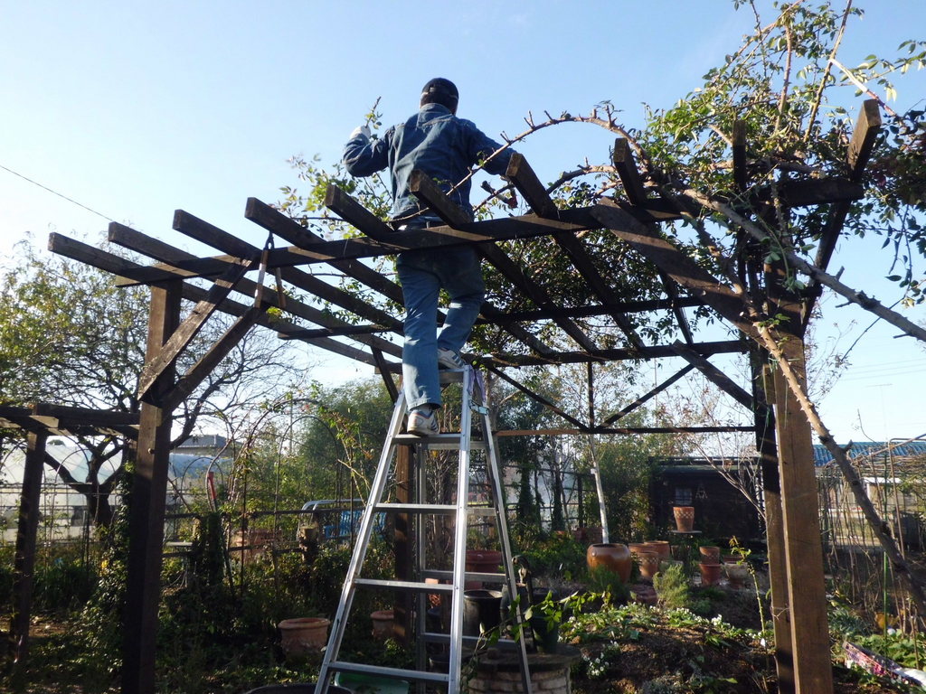うちもつるバラ暴れまくっています。綺麗な形のお庭はちょっとだけであとは暴れ馬だらけ。。。お写真見て剪定、誘引したくなりました。
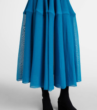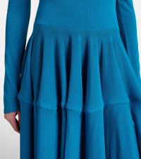 Upholding the legacy of Azzedine Alaia, the maison’s collections achieve an artful balance between sculptural and wearable. This midi dress features a sheath bodice with a turtleneck and a flowing skirt. Product Details - Material: 68% viscose, 31% polyamide, 1% elastane - Care instructions: dry clean - Made in Italy - Color: blue - Designer color name: Turquoise - Item color: blue - Material II: 76% viscose, 24% polyamide - Material III: 64% viscose, 35% polyamide, 1% elastane - Collar: turtleneck - Item number: P01119277 Size & Fit - True to size - Relaxed fit from the hip down - Slightly stretchy fabric - Height of model is 173cm-68" and wears a size FR 36
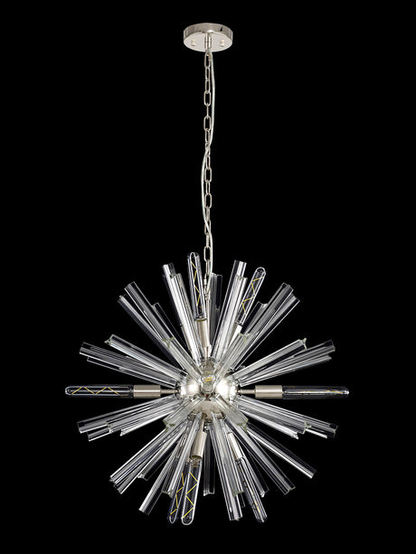 £331.67 + VAT (£398.00)Unit price /UnavailableIn stock (87 units)Harris 10 Light E14, Round Pendant Polished Nickel / Clear Glass
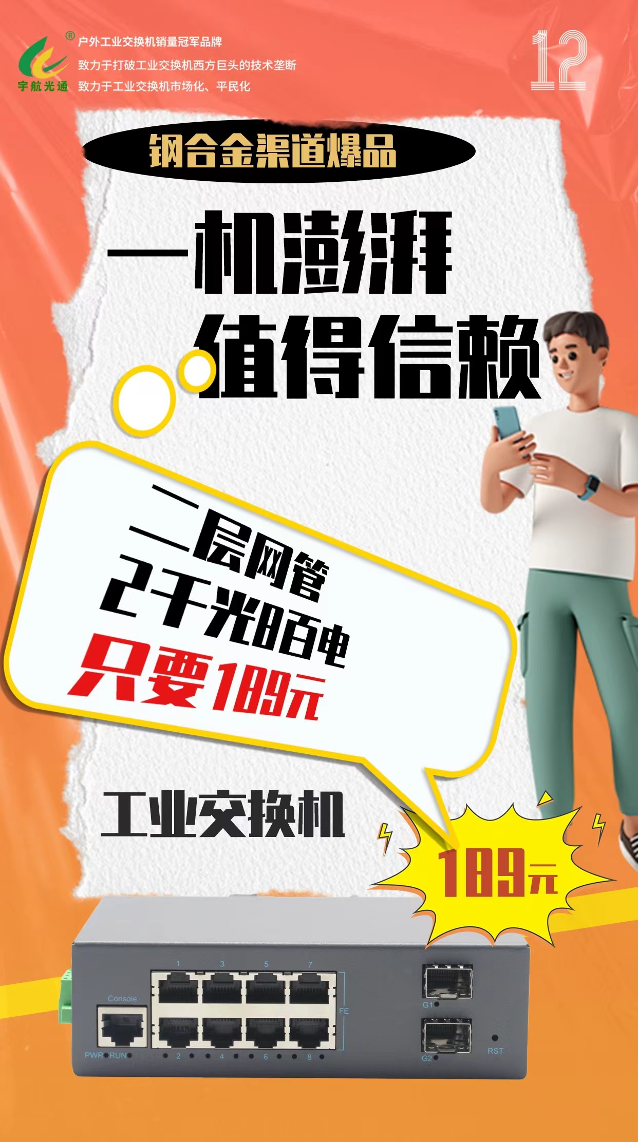 值得一提的是,宇航工業(yè)交換機(jī)在本次大會(huì)上重點(diǎn)展示了最新推出的鋼合金渠道爆品系列產(chǎn)品。這一系列產(chǎn)品是宇航在深入研究市場需求和競爭態(tài)勢的基礎(chǔ)上,應(yīng)市場要求推出的全國產(chǎn)鋼合金系列產(chǎn)品。該系列產(chǎn)品不僅繼承了宇航工業(yè)交換機(jī)一貫的高品質(zhì)、高可靠性特點(diǎn),還在價(jià)格上更具競爭力,為市場端和客戶提供了更多元化的選擇。
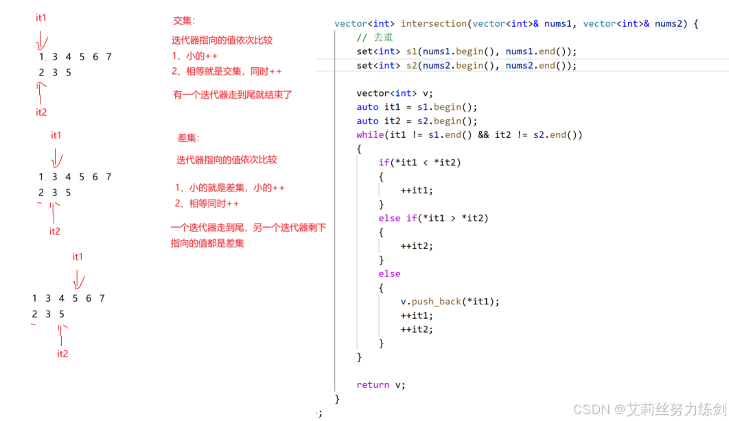 public:vector<int> intersection(vector<int>& nums1, vector<int>& nums2) {// 去重set<int> s1(nums1.begin(),nums1.end());set<int> s2(nums2.begin(),nums2.end());vector<int> v;auto it1 = s1.begin();auto it2 = s2.begin();while(it1 != s1.end() && it2 != s2.end()){if(*it1 < *it2){it1++;}else if(*it1 > *it2){it2++;}else{v.push_back(*it1);++it1;++it2;}}return v;}
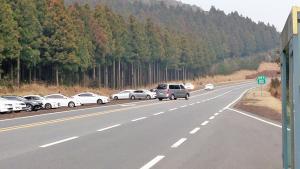 과속·중앙선 침범 빈번무단횡단 등 사고 위험사고예방 시설보강 시급걷기열풍을 타고 수많은 도민과 관광객 등이 찾고 있는 사려니숲길 입구가 과속차량과 시설 미비 등으로 인해 언제 대형사고가 발생할지 모르는 '시한폭탄'으로 전락했다.28일 남조로 사려니숲길 입구.평일임에도 불구하고 사려니숲길과 붉은오름의 정취를 즐기기 위한 탐방객들의 차량으로 도로변이 차량으로 빼곡했다.이날 현장 확인 결과 제주시와 서귀포시 양 방향으로 주행하는 차량들이 과속을 일삼고 탐방객들이 제주시 방면으로 가기 위해 중앙선 침범을 목격하는 모습이 연이
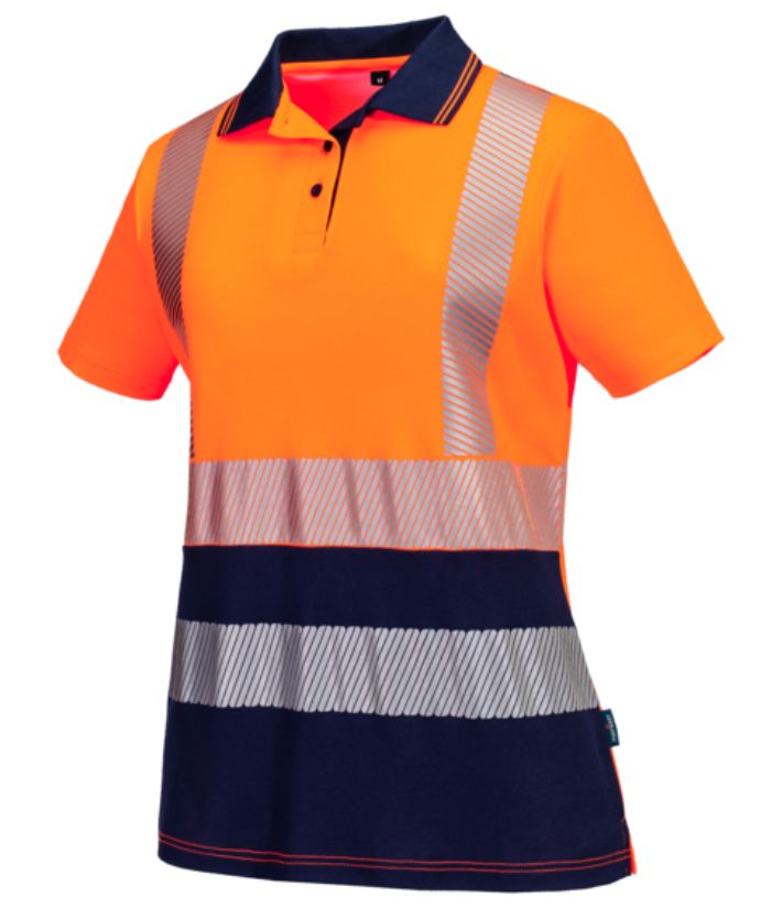 Cotton Comfort Short Sleeve Women's Polo shirt with segmented tape to torso, Contrast navy to lower body, 3 button placket and rib collar in contrast navy.
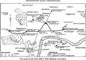 Тоді лондонські інженери поштової служби, ознайомившись з підземними вантажними залізницями в Чикаго і Берліні, вирішили побудувати аналогічну і у себе.
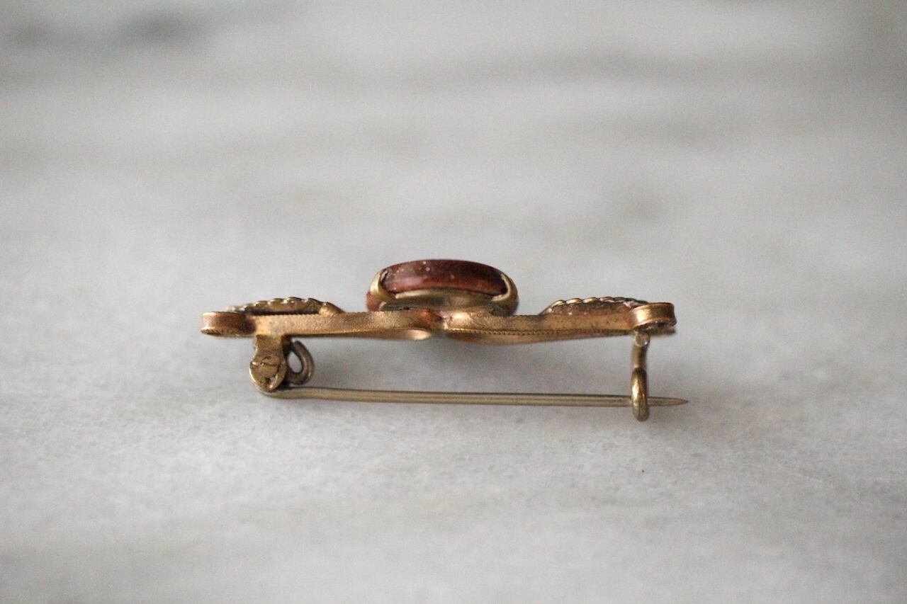 アンティーク・19c・ヴィクトリアン・ゴールドストーン・カボション・リーフ・デザイン・ブローチ
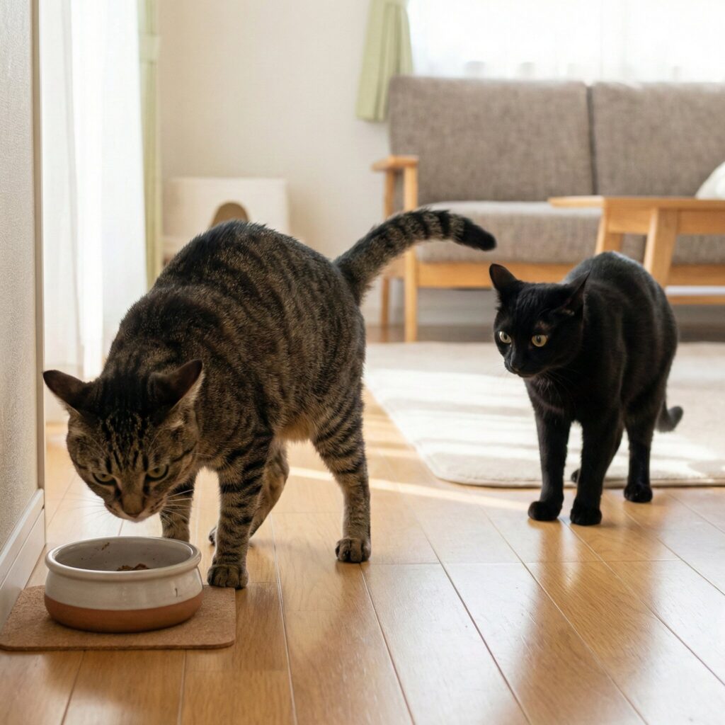 This is the most primal trigger. In the wild, food is survival. In a home, even if bowls are full, a cat may feel that access is threatened. This often happens when cats are fed side-by-side. One cat eats quickly and then pushes the other away, or simply stares until the other cat leaves their bowl.
◇ ◇ ◇ ◇ ◇ ◇ ◇
Copy nothing but the lines from the top of the material through the line holding "Nickel / Clear Glass", exactly as written; omit pictures.

うちもつるバラ暴れまくっています。綺麗な形のお庭はちょっとだけであとは暴れ馬だらけ。。。お写真見て剪定、誘引したくなりました。
 Upholding the legacy of Azzedine Alaia, the maison’s collections achieve an artful balance between sculptural and wearable. This midi dress features a sheath bodice with a turtleneck and a flowing skirt. Product Details - Material: 68% viscose, 31% polyamide, 1% elastane - Care instructions: dry clean - Made in Italy - Color: blue - Designer color name: Turquoise - Item color: blue - Material II: 76% viscose, 24% polyamide - Material III: 64% viscose, 35% polyamide, 1% elastane - Collar: turtleneck - Item number: P01119277 Size & Fit - True to size - Relaxed fit from the hip down - Slightly stretchy fabric - Height of model is 173cm-68" and wears a size FR 36
 £331.67 + VAT (£398.00)Unit price /UnavailableIn stock (87 units)Harris 10 Light E14, Round Pendant Polished Nickel / Clear Glass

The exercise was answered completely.